Литмир - Электронная Библиотека

А зоркий глаз доньи Раймунды уже торчал из соседнего окна.

====== Глава 32. Джерри великолепный ======

Спустя три месяца, тётя Фели наблюдала, как четверо коренастых мужчин запихивают в грузовик соседскую мебель и чемоданы. Донья Раймунда впервые не жевала — руки её были заняты сумками и коляской с внуком.

Всё это время между экс-приятельницами шла война. Ежедневно они обкидывали друг друга тухлыми яйцами или гнилыми помидорами, подсовывали мусор в виде картофельных очисток или кожуры от бананов и семечек. Тётя Фели пошла дальше — трижды пробираясь на соседнюю крышу, она перекусывала проводку, скручивала антенну и дырявила надувной бассейн.

Донья Раймунда проворством не отличалась и по крышам аки человек-паук не лазила, но гадила в ответ не меньше. Она раскурочила почтовый ящик, что стоял у дома, и проколола шины у мотоцикла Фэр. Та грозилась линчевать сумасшедшую грымзу, но доказать, что это её рук дело, было невозможно.

Последней каплей стала попытка отравления Барби. Донья Раймунда не поленилась и сходила в магазин, где купила деликатесный корм для собак. Насыпав туда порошка, которым травила крыс и мышей, она оставила миску во дворе. Но тётя Фели приучила Барби не есть на улице, поэтому собачка, понюхав отраву, проигнорировала её. Зато «вкуснятину» отведал внук доньи Раймунды, который ходил ещё плохо, но по двору ползал активно и без присмотра. И в рот тащил что попало.

В итоге ребёнка увезли в больницу с отравлением, а донья Раймунда обвинила в этом тётю Фели — якобы она наслала порчу на бедного Сандрито. Тётя злорадствовала, а Фэр её поддержала, грозясь донью Раймунду упечь в тюрьму. Маргарита и Агустина в эти распри не лезли; Вирхиния же была на стороне доньи Раймунды после того, как тётя призналась: мужчиной, с которым она любезничала, был комиссар Гальяно.

— Мамусик на старости лет связалась с комиссаришкой! — кудахтала Вирхиния, словно наседка на яйцах. — Какой позорчик!

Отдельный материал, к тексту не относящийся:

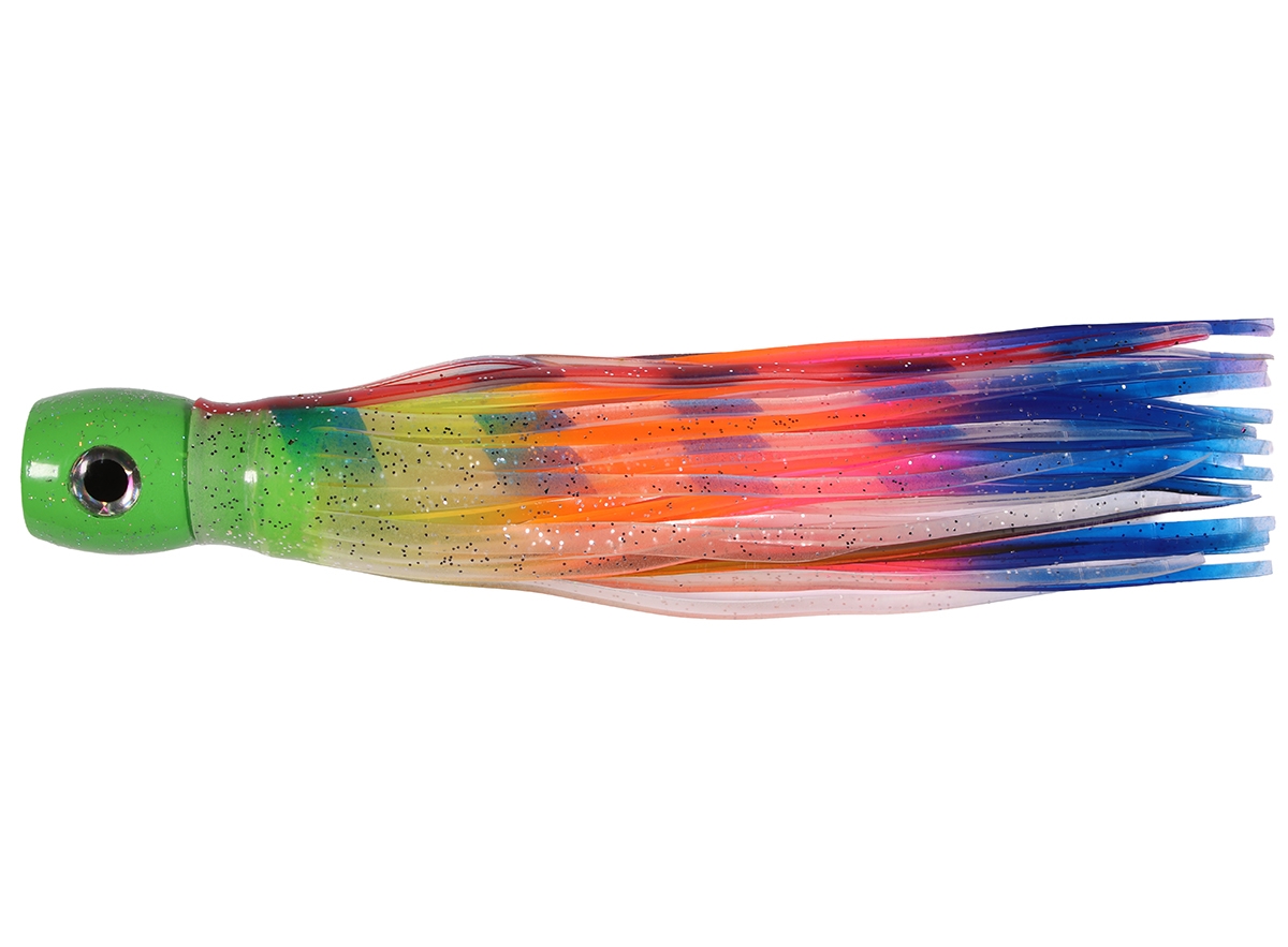 An ideal light tackle trolling lure to target tuna, mahi mahi, sailfish, juvenile marlin & other pelagic species. A cupped face grips the water to provide good traction & four jet ports add to the bubble trail. Skirted with two 165mm (6-5") skirts from our Octopus Lure Skirt range.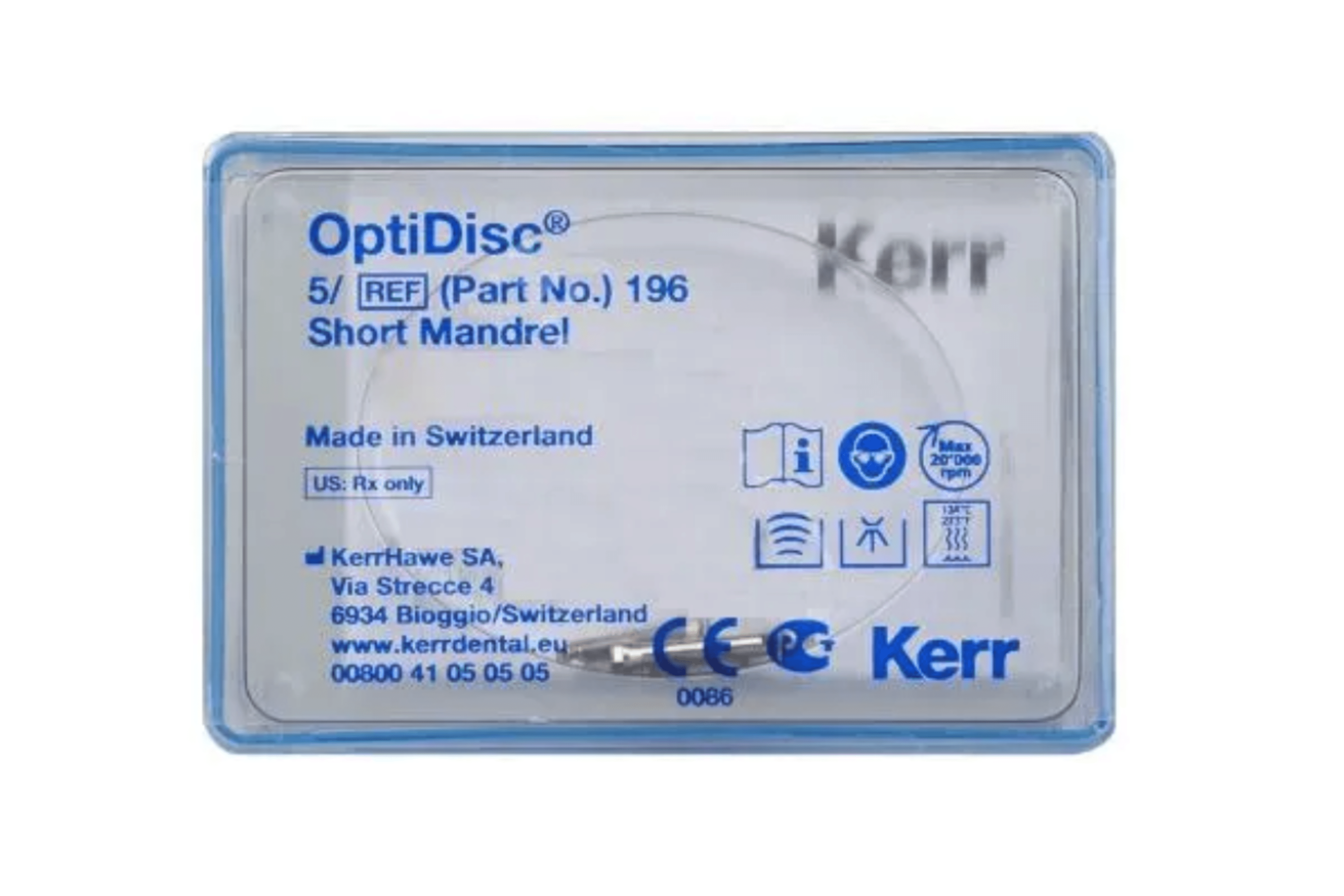 OptiDisc (like Soflex) is a top quality polishing and finishing system from Hawe Kerr. Can be used for composite, glass ionomers, amalgam and metal alloys.

Лучше бы думала о внуках!

Тётя Фели была в обиде. Она усердно доказывала, что с комиссаром они только дружат — он неплохой человек и интересный собеседник.

— Да чего тут такого?! — кричала она. — Я же не замуж собралась! Мы два раза сходили попить кофе. И всё! Мы болтали о семье да о погоде. А если бы и о другом, какое тебе дело, Мария Вирхиния Сантойя? Я взрослая женщина, вдова и мне скучно. Я хотела развлечься! А комиссар пообещал занять нам денег, чтобы мы рассчитались с долгами, в которые влезли по твоей милости!

— Ах, значит, это я виновата? — упав в кресло, Вирхиния лицемерно схватилась за живот. — Ах, бедная моя лялечка! Какой кошмарчик её ждёт! Её ненавидит родной папочка! А родная бабусик хочет, чтобы в неё тыкали пальчиками! Стыдобища! Скучно ей видите ли! В твоём возрасте, мамусик, не должно быть весело. Надо думать о внуках и тише греметь костями, проходя по коридорчику. Ведь в домике детки, они могут услышать!

— У нас пока детей нет! Роди сначала, а потом возмущайся, — огрызнулась тётя.

— Как это нет деток? Мой ребёночек есть, он живёт в домике-пузике. А ты, мамусик, каждый день топаешь, как слон. А твоя мерзкая псина меня достала! Когда родится мой медвежоночек, чтобы этого мешка с блохами не было в нашем доме!

От слов «в нашем доме» Фернанду перекорёжило. Она заступилась за тётю, пригрозив Вирхинию выставить, если она продолжит вести себя, как орк.

Так Фернанда поладила с тётей Фели. У них и раньше конфликтов не было, но тётя явно сочла — теперь они подружки. И стала рассказывать сплетни и секреты из своей никчёмной жизни. А ещё готовила по утрам завтрак. Вирхиния психовала, ревновала, но тётя Фели обиделась ни на шутку. Нынче, если они и перекидывались парой фраз, то на повышенных тонах. А тётя жаловалась Фэр, что дочь её разочаровала.

— Я в её возрасте такой не была, — пыжилась она. — Да, я родила её рано, в двадцать три. Мне было ещё гулять и гулять. Но я была домашней девочкой и вышла замуж по любви. Мой муж Осмар был моим первым и единственным мужчиной. Я родила Вирхинию в законном браке, не ошивалась по углам, не курила и не выпивала. И Осмар был приличный человек, из хорошей семьи, с образованием. Он работал секретарём у депутата. Не знай, в кого Вирхиния такая уродилась. Она по мальчикам бегает лет с четырнадцати да вопит, что хочет родить. Я удивляюсь, как она не залетела раньше. Всё искала отца ребёнку, чтобы был с хорошей генетикой. Этот страшный, тот с носом, у того бородавка, а у сего веснушки. Теперь она своё получила, но умнее не стала. Она ведёт себя плохо, хамит, качает права, на днях пинала ногами миски Барби и швырялась кастрюлями. Якобы они ей помешали, — тётя Фели покачала головой. — Куда это годится? И она прикрывается беременностью. Я тоже была брюхата, но не вела себя, как гиппопотам.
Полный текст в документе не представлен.